[Entries taken from a collection]
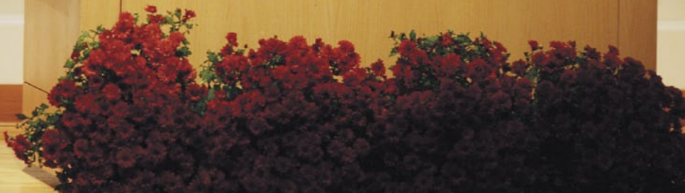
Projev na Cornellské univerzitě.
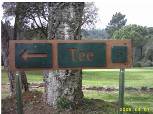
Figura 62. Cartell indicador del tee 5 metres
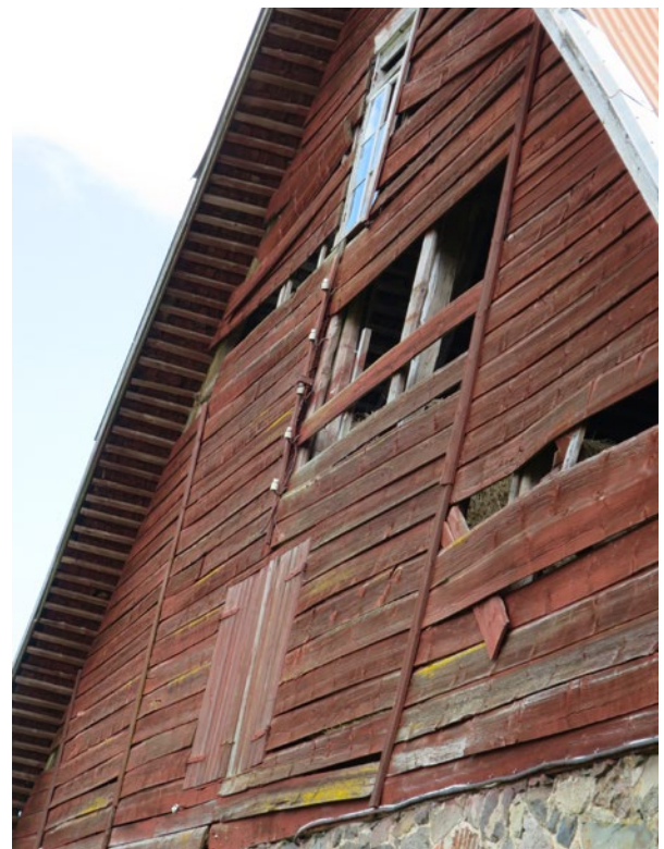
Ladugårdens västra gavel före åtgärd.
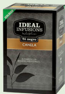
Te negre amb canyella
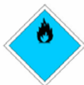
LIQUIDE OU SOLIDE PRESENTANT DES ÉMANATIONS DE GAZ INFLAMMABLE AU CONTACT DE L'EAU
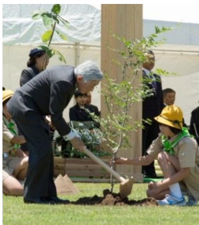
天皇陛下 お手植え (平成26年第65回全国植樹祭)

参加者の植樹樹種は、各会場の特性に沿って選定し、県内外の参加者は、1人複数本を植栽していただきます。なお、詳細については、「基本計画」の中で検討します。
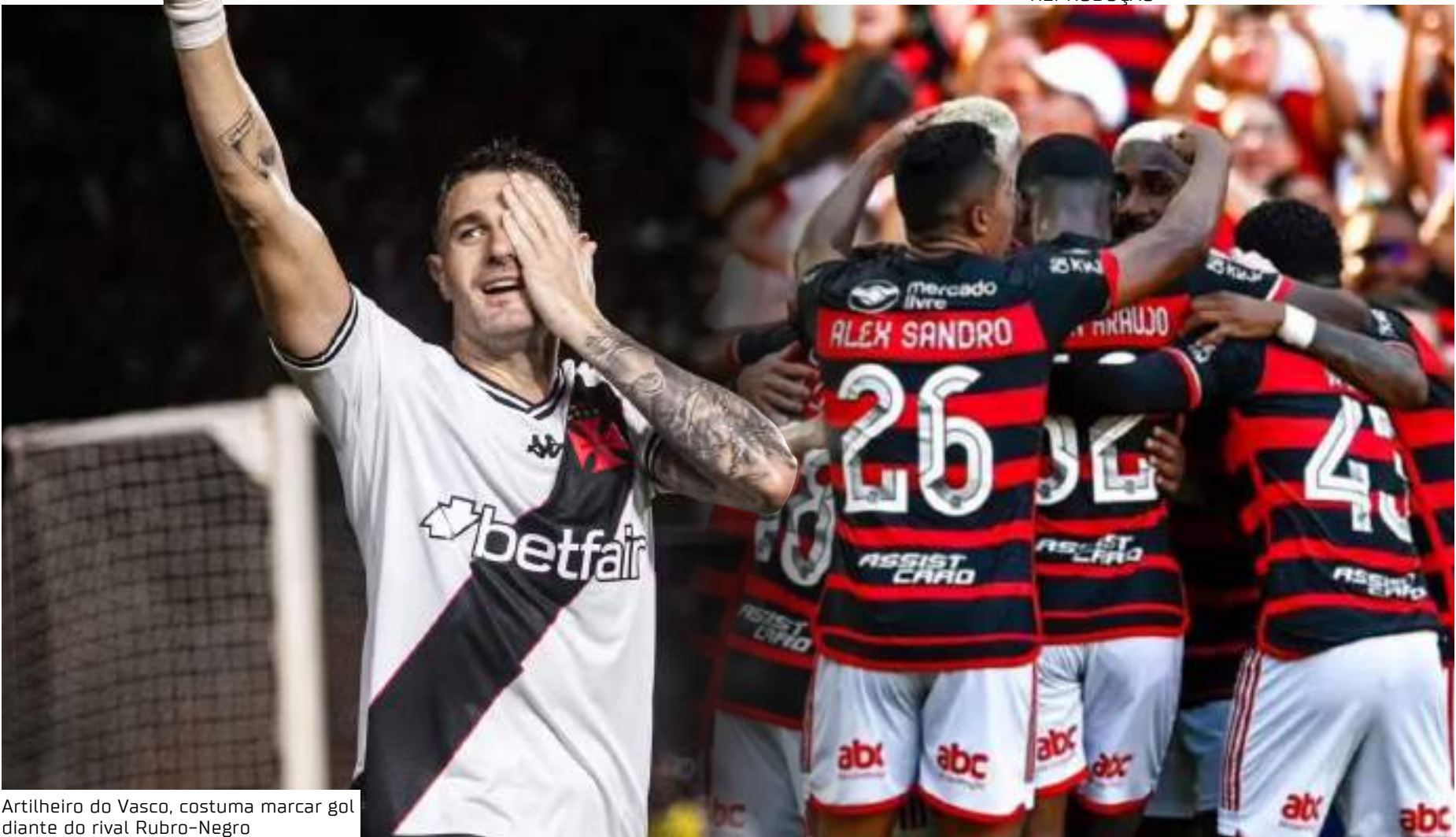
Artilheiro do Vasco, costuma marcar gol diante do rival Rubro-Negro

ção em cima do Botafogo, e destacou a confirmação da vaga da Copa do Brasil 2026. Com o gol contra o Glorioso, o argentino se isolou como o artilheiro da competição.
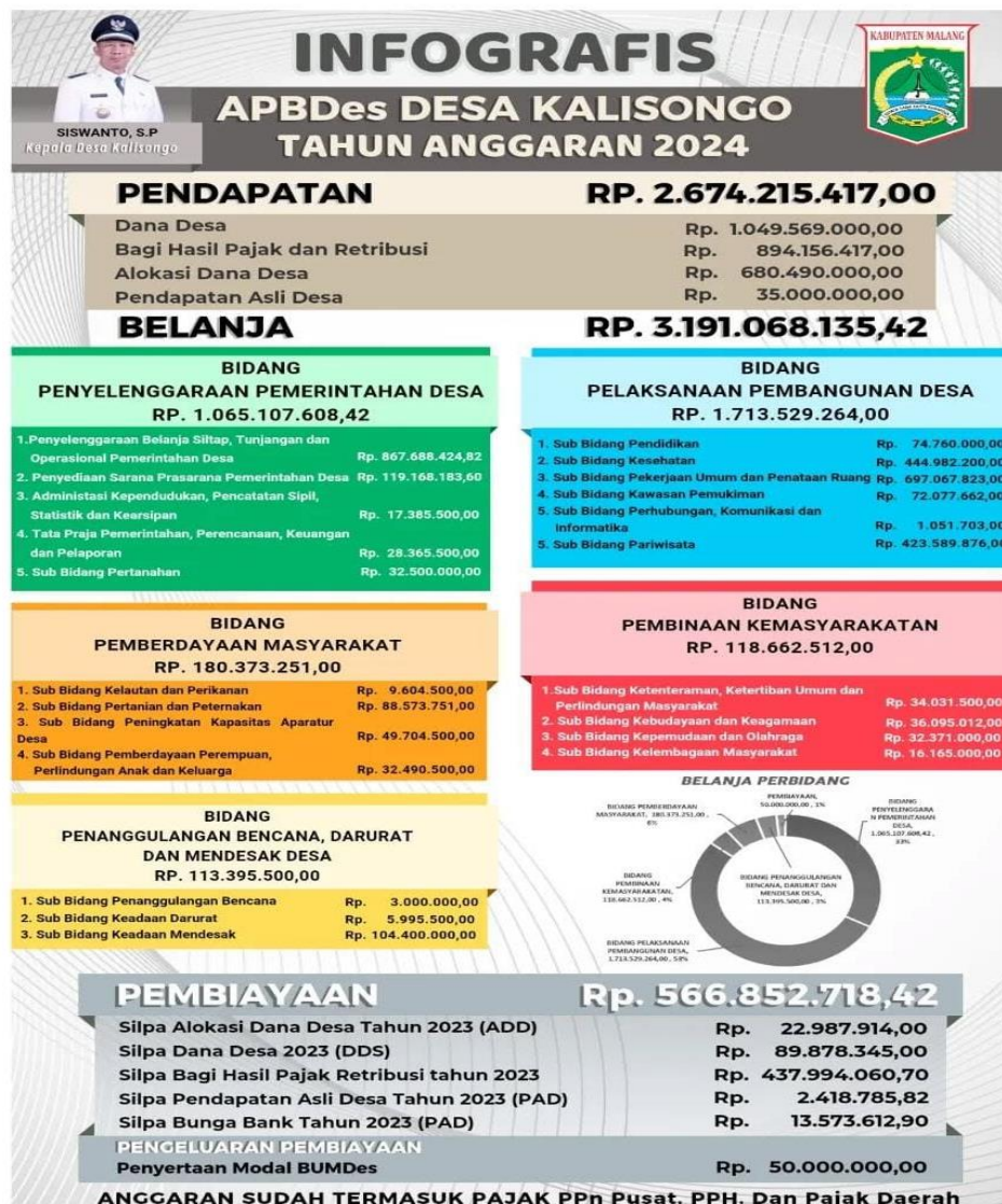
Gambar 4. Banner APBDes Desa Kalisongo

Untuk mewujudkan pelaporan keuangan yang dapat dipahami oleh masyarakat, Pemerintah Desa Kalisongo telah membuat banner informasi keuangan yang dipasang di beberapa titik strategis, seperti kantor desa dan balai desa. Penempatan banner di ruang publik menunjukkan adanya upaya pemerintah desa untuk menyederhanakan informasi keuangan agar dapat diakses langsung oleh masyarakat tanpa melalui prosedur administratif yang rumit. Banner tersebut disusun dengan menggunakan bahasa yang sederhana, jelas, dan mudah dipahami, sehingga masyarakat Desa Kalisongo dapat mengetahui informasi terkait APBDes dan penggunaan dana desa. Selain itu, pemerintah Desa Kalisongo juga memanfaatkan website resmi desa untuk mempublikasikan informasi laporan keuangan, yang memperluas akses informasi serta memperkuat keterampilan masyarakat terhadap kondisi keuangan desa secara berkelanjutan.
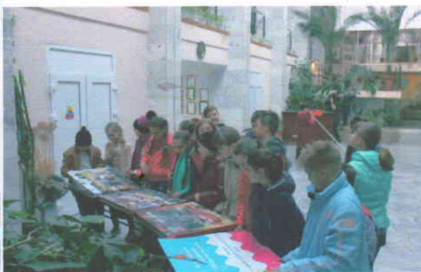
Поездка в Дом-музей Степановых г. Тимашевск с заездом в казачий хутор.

[What you will do]
The copy you write out must match the entries word for word, minus their pictures.

[Solution for this exercise]
Projev na Cornellské univerzitě.
Figura 62. Cartell indicador del tee 5 metres
Ladugårdens västra gavel före åtgärd.
Te negre amb canyella
LIQUIDE OU SOLIDE PRESENTANT DES ÉMANATIONS DE GAZ INFLAMMABLE AU CONTACT DE L'EAU
天皇陛下 お手植え (平成26年第65回全国植樹祭)

参加者の植樹樹種は、各会場の特性に沿って選定し、県内外の参加者は、1人複数本を植栽していただきます。なお、詳細については、「基本計画」の中で検討します。
Artilheiro do Vasco, costuma marcar gol diante do rival Rubro-Negro

ção em cima do Botafogo, e destacou a confirmação da vaga da Copa do Brasil 2026. Com o gol contra o Glorioso, o argentino se isolou como o artilheiro da competição.
Gambar 4. Banner APBDes Desa Kalisongo

Untuk mewujudkan pelaporan keuangan yang dapat dipahami oleh masyarakat, Pemerintah Desa Kalisongo telah membuat banner informasi keuangan yang dipasang di beberapa titik strategis, seperti kantor desa dan balai desa. Penempatan banner di ruang publik menunjukkan adanya upaya pemerintah desa untuk menyederhanakan informasi keuangan agar dapat diakses langsung oleh masyarakat tanpa melalui prosedur administratif yang rumit. Banner tersebut disusun dengan menggunakan bahasa yang sederhana, jelas, dan mudah dipahami, sehingga masyarakat Desa Kalisongo dapat mengetahui informasi terkait APBDes dan penggunaan dana desa. Selain itu, pemerintah Desa Kalisongo juga memanfaatkan website resmi desa untuk mempublikasikan informasi laporan keuangan, yang memperluas akses informasi serta memperkuat keterampilan masyarakat terhadap kondisi keuangan desa secara berkelanjutan.
Поездка в Дом-музей Степановых г. Тимашевск с заездом в казачий хутор.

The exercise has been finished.